5.1.3 L’initiative hors parti

42. Elle présente les caractéristiques suivantes :

a) La protection pour les éventualités vieillesse, survivants et invalidité est assurée par une assurance fédérale, les institutions de prévoyance et la prévoyance individuelle ;

b) L’assurance fédérale doit couvrir les besoins vitaux ;

c) Son financement est réalisé par les cotisations des assurés - au maximum 8% du revenu, les employeurs en versent la moitié - et les contributions de la Confédération (jusqu’à un tiers des dépenses) ;

d) La prévoyance professionnelle complémentaire intervient si l’assurance fédérale ne suffit pas à assurer un revenu adapté au niveau de vie antérieur. La Constitution fixe les points que la loi doit régler : champ d’application, cotisations paritaires, participation des travailleurs à la gestion des institutions de prévoyance, exonération fiscale des cotisations, libre passage ;

e) La prévoyance individuelle est encouragée par la Confédération, par des mesures fiscales et une politique facilitant l’accès à la propriété ;

f) La Confédération encourage l’intégration sociale des invalides et soutient les institutions s’occupant des vieillards et invalides.
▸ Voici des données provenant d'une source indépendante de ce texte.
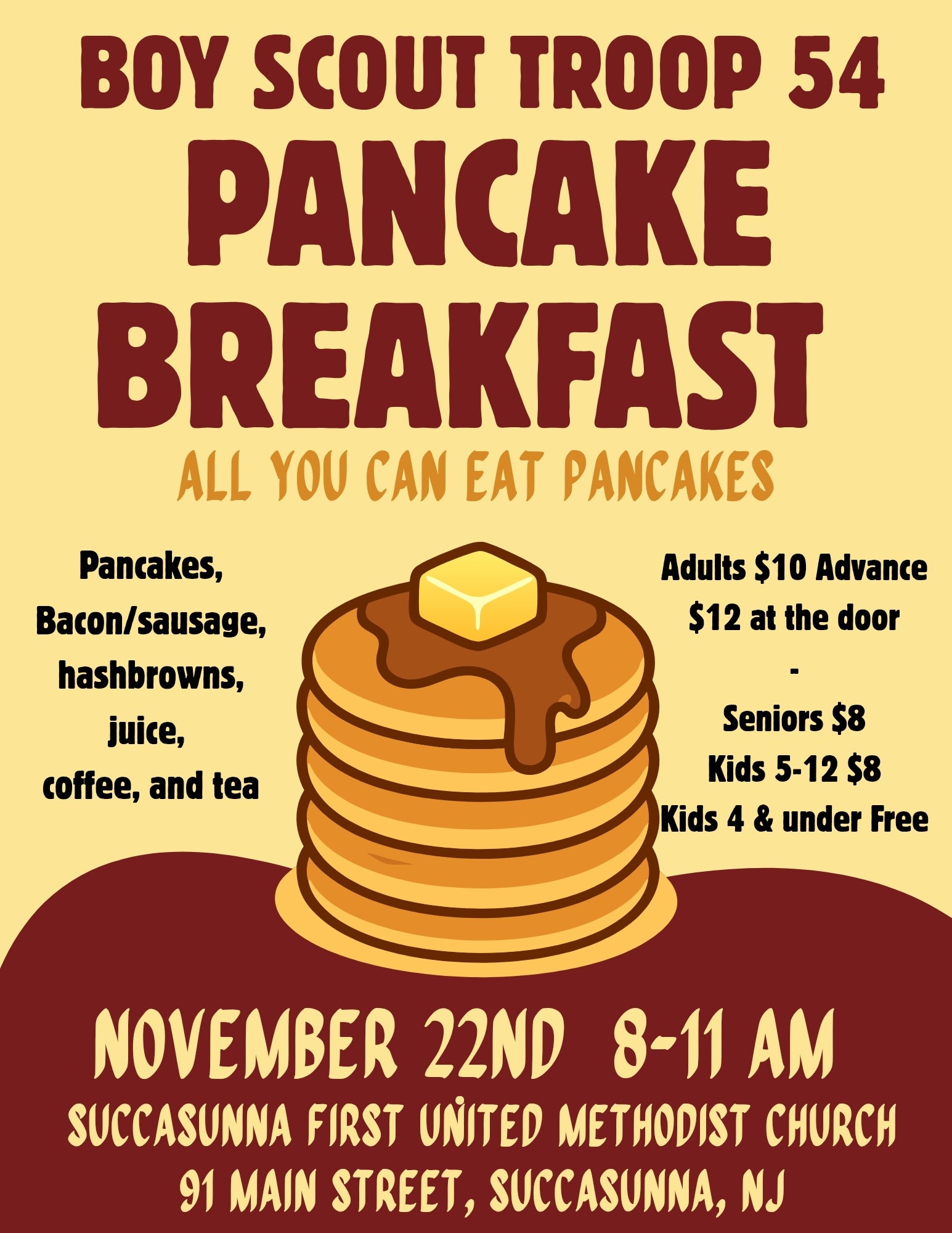 This Saturday November 22nd from 8am to 10am just $10 if you buy tickets in advance. ($12 at the door, Kids and Seniors $8, under 4 free)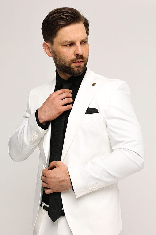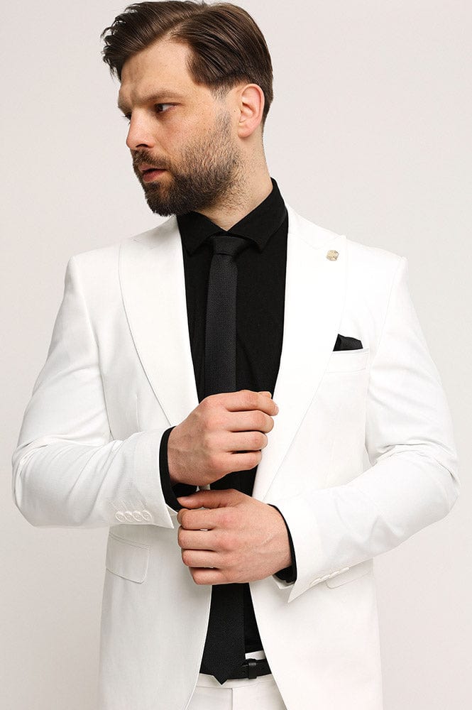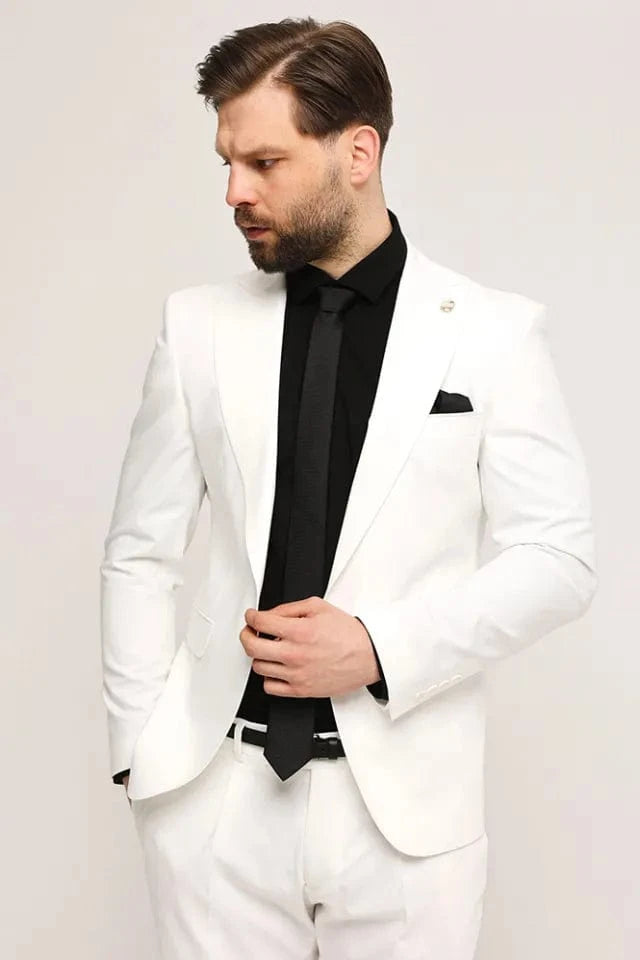 Herrenanzug 2-teilig Weißes Spitzes Revers Modisch Vielseitiger Western Smoking für verschiedene Anlässe

5.1.4. Le rapport des experts sur l’encouragement de la prévoyance professionnelle

43. Les experts se sont prononcés en faveur :

a) D’une organisation de la prévoyance vieillesse, survivants, invalidité en 3 piliers : 1) AVS/AI ; 2) prévoyance professionnelle ; 3) prévoyance individuelle ;

b) D’une prévoyance professionnelle obligatoire pour les travailleurs.

Leur rapport a été approuvé d’une manière générale par le Parlement.
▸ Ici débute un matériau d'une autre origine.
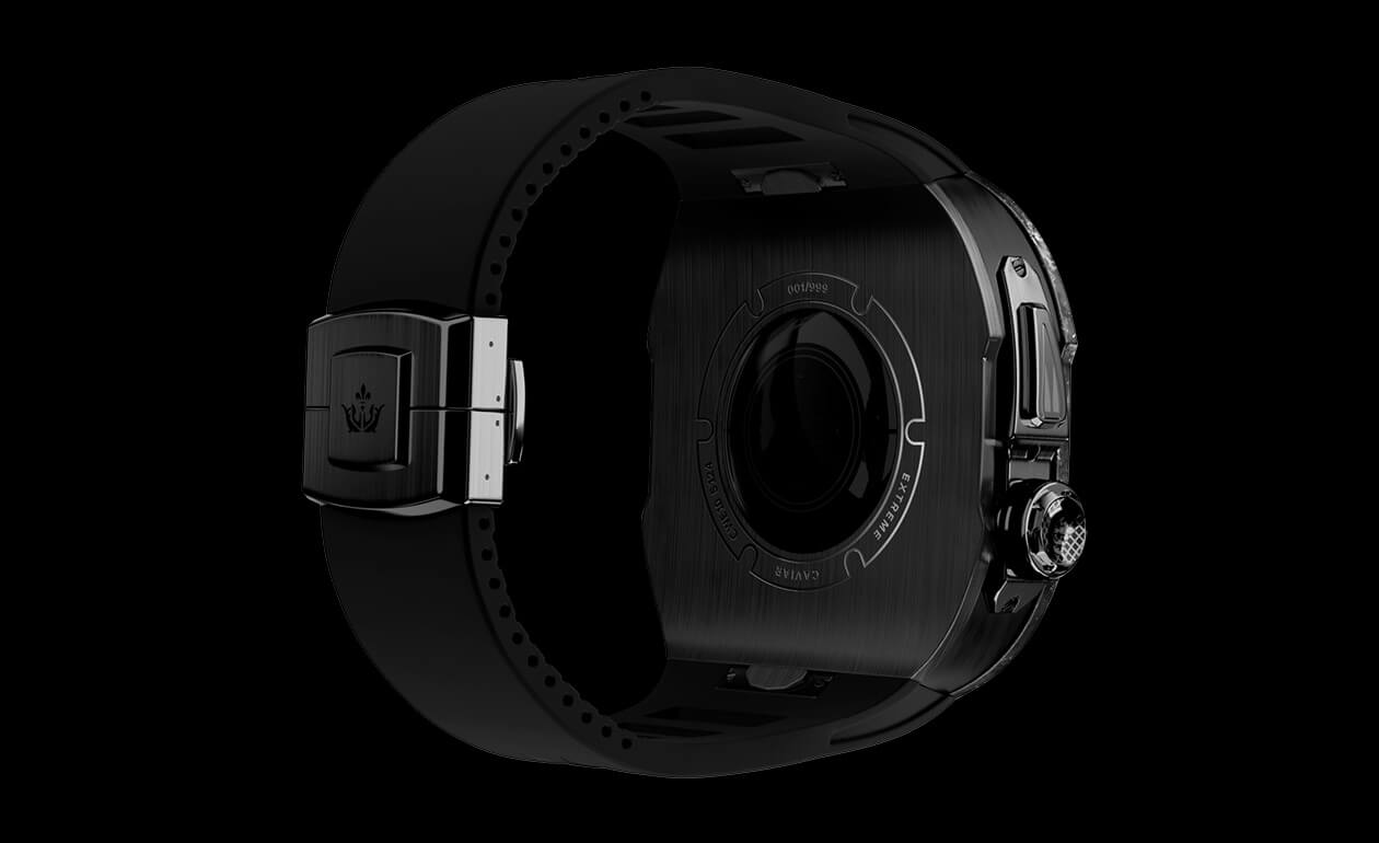 Bezel: The main body of the case is made from automotive carbon fiber, used in the creation of next-generation racing supercars. The side inserts are crafted from impact-resistant titanium with a classic black PVD coating, like those found in the finest Swiss watches.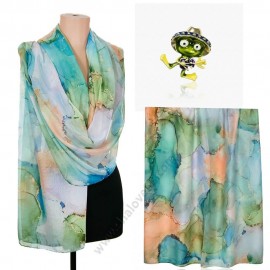 S 0311/1127 Луксозен комплект „Танц в тюркоаз“ – памучен шал и брошка

44. La loi fédérale sur les rapports entre les Conseils prescrit, dans le cas d’initiatives concernant la même question constitutionnelle, que l’initiative déposée la première doit d’abord être traitée par l’Assemblée fédérale, puis soumise au vote du peuple et des Cantons. Les autres initiatives suivent dans l’ordre où elles ont été déposées. ln casu, la première qui a abouti est celle du Parti suisse du travail.

45. Tout en s’inspirant avant tout des deuxième et troisième initiatives, le Conseil fédéral, puis le Parlement, ont élaboré un contre-projet. C’est ce dernier qui a été accepté par le peuple et les Cantons, le 3 décembre 1972 :

o l’initiative populaire « pour une véritable retraite populaire », du Parti du travail, a été refusée par 294 511 oui contre 1 481 488 non (19 Cantons et 6 demi-Cantons opposés);

o le contre-projet de l’Assemblée fédérale, qui devient le nouvel article 34 quater aCst, est accepté par 1 393 797 oui contre 418 018 non (19 Cantons et 6 demi Cantons acceptants) (FF 1973 I, pp. 69, 750).
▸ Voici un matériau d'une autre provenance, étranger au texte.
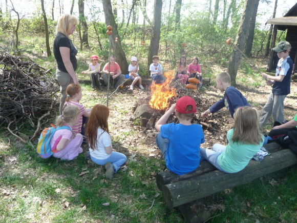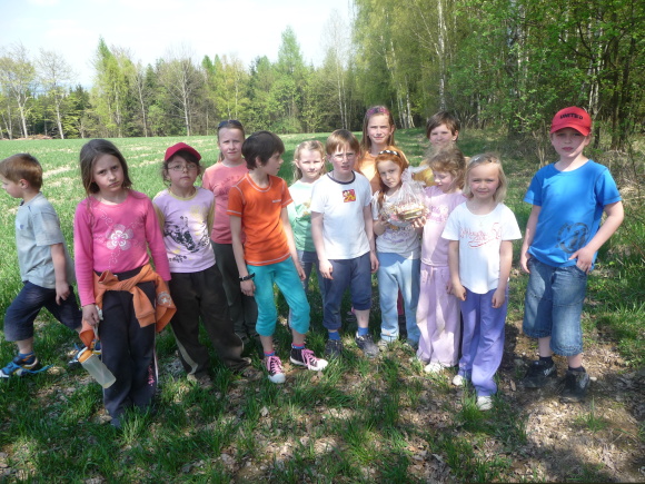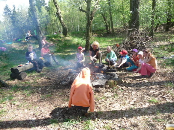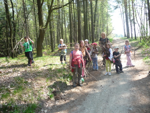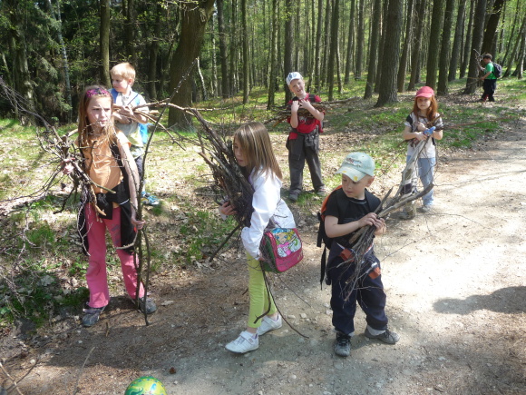 V 11 hodin všichni vyrazili se svými batůžky k věži a dále vrcholovou cestou nad Chlum k připravenému ohništi. Paní učitelky nesly uzeninu, čerstvý chléb a ostatní věci na opékání, ale hlavně velikonoční poklad. Cestou děti nasbíraly roští a zdárně, i když unaveně, jej donesly k ohništi. Vuřtíčky chutnaly, poklad se našel a rozdělily se dárečky.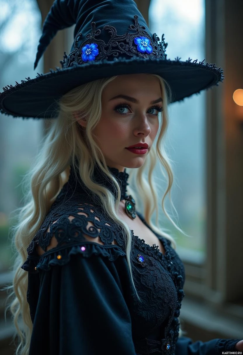 witch hat on her head. The costume also includes elements such as lace and sparkles, giving it an ethereal appearance. The woman is gazing off to the side with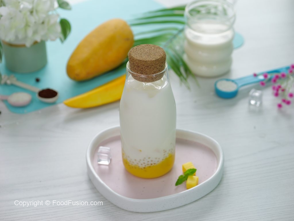 -Glass bottle mein tayyar mango puree (2-3 tbs),boiled sagudana (2 tbs),condensed milk mango chunks,ice cubes aur doodh dal ker stir ker lein & serve karein!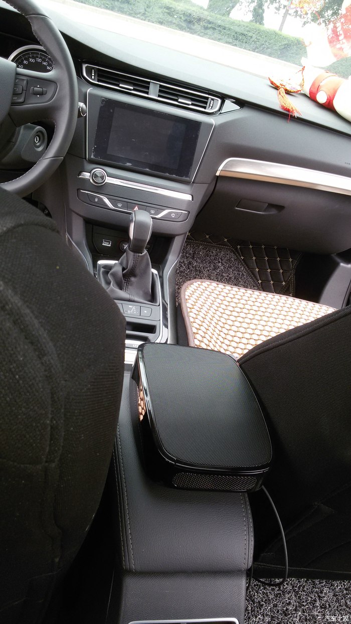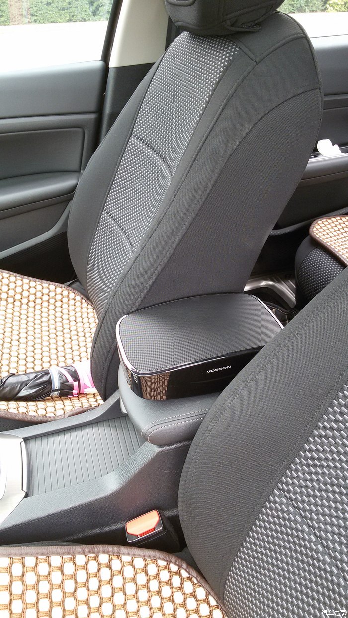 在后排照的中控,前扶手放的净化器,插在后点烟器上。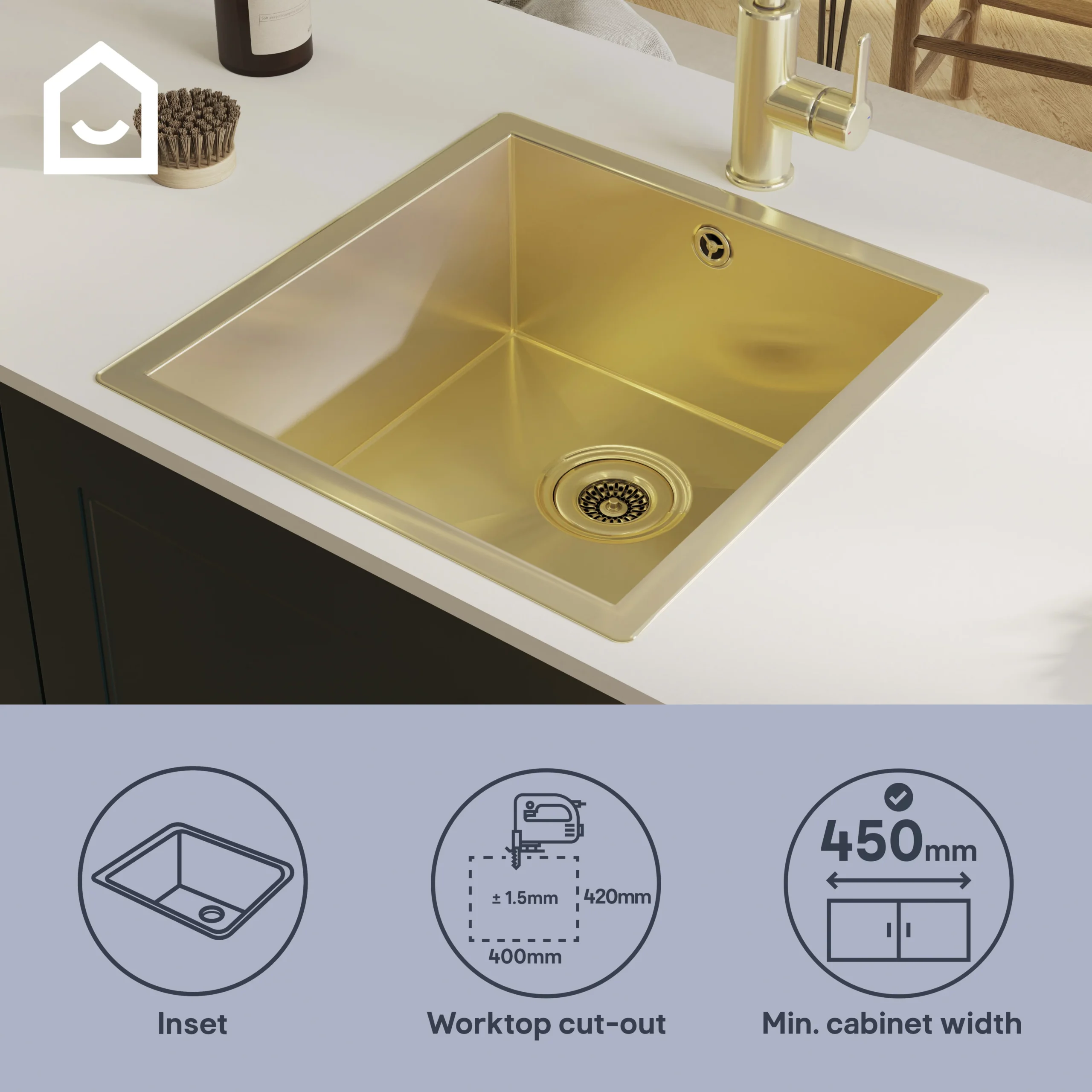 This sink from GoodHome offers a reliable, functional sink without compromising on style, with its stunning brushed brass colour that will add a luxurious touch to any kitchen.

46. Jean-François AUBERT résume ainsi le vote : « Sur cent électeurs qui votèrent, 17 suivaient les communistes, 78 préféraient la doctrine officielle et 5 ne voulaient rien changer du tout »61. Les initiatives «pour la création de pensions populaires », du Parti socialiste, et « pour un régime moderne de prévoyance vieillesse, survivants et invalidité », du comité hors parti, ont été retirées par leurs auteurs en 1974.

47. Le nouvel article 34 quater aCst, qui remplace celui adopté en 1925, contient une série de dispositions très importantes pour les branches vieillesse, survivants et invalidité de notre sécurité sociale.